* _WORK REQUIRED_
Every line containing the word "Home" must be pulled from the records.

* _RECORDED DATA_
════════

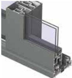
Slim Line middle section
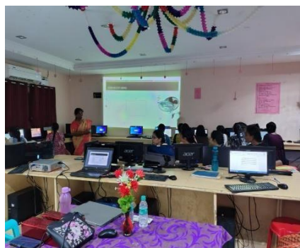
Workshop on Design Thinking, Critical thinking and Innovation Design
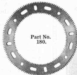
Part No. 180.

No. 180, Gear Ring, 3 1/2" diameter, 95 internal teeth, 133 external teeth. Price 2/- each.
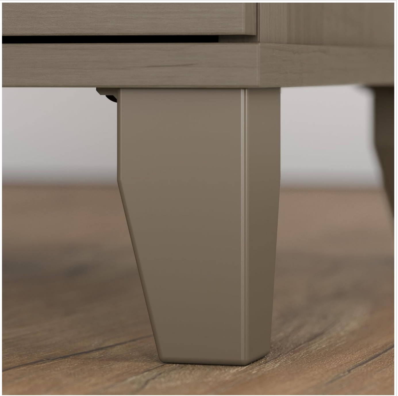
Image: Close-up of the corner of the Bush Home Somerset Desk, showing the Ash Gray finish and the clean edge of the desktop.
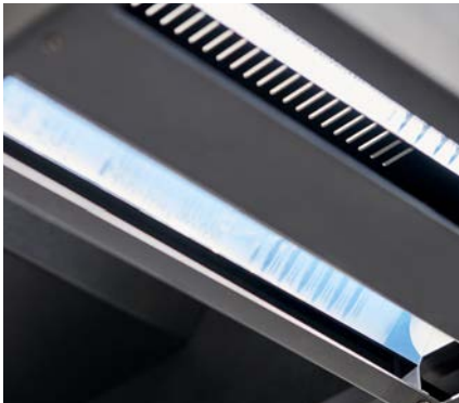
■ LED lighting system for reflection-free and shadow-free results
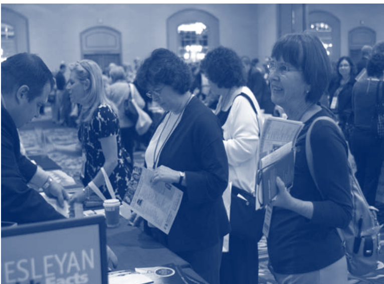
School and College Fair
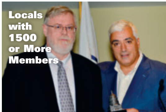
Locals with 1500 or More Members
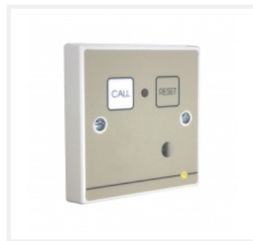
Quantec Addressable Infrared Call Point, Button...
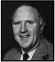
Jack Pardee 1987-89
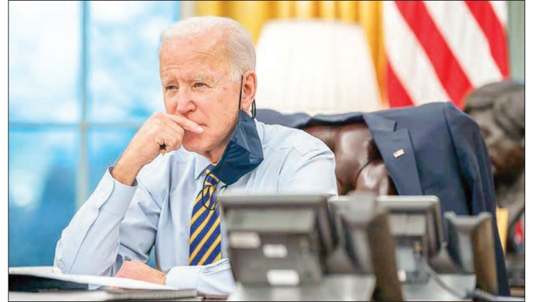
Biden will head to Europe Wednesday, and is set to attend both the G-7 and NATO summits as well as holding a high-stakes meeting with the Russian leader in Geneva on June 16.
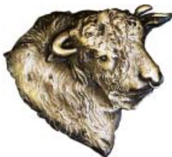
BULL HORNED BR 191
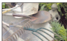
Tool Tips Home and Garden Page 5

════════

* _OUTPUT OF THE TASK_
Image: Close-up of the corner of the Bush Home Somerset Desk, showing the Ash Gray finish and the clean edge of the desktop.
Tool Tips Home and Garden Page 5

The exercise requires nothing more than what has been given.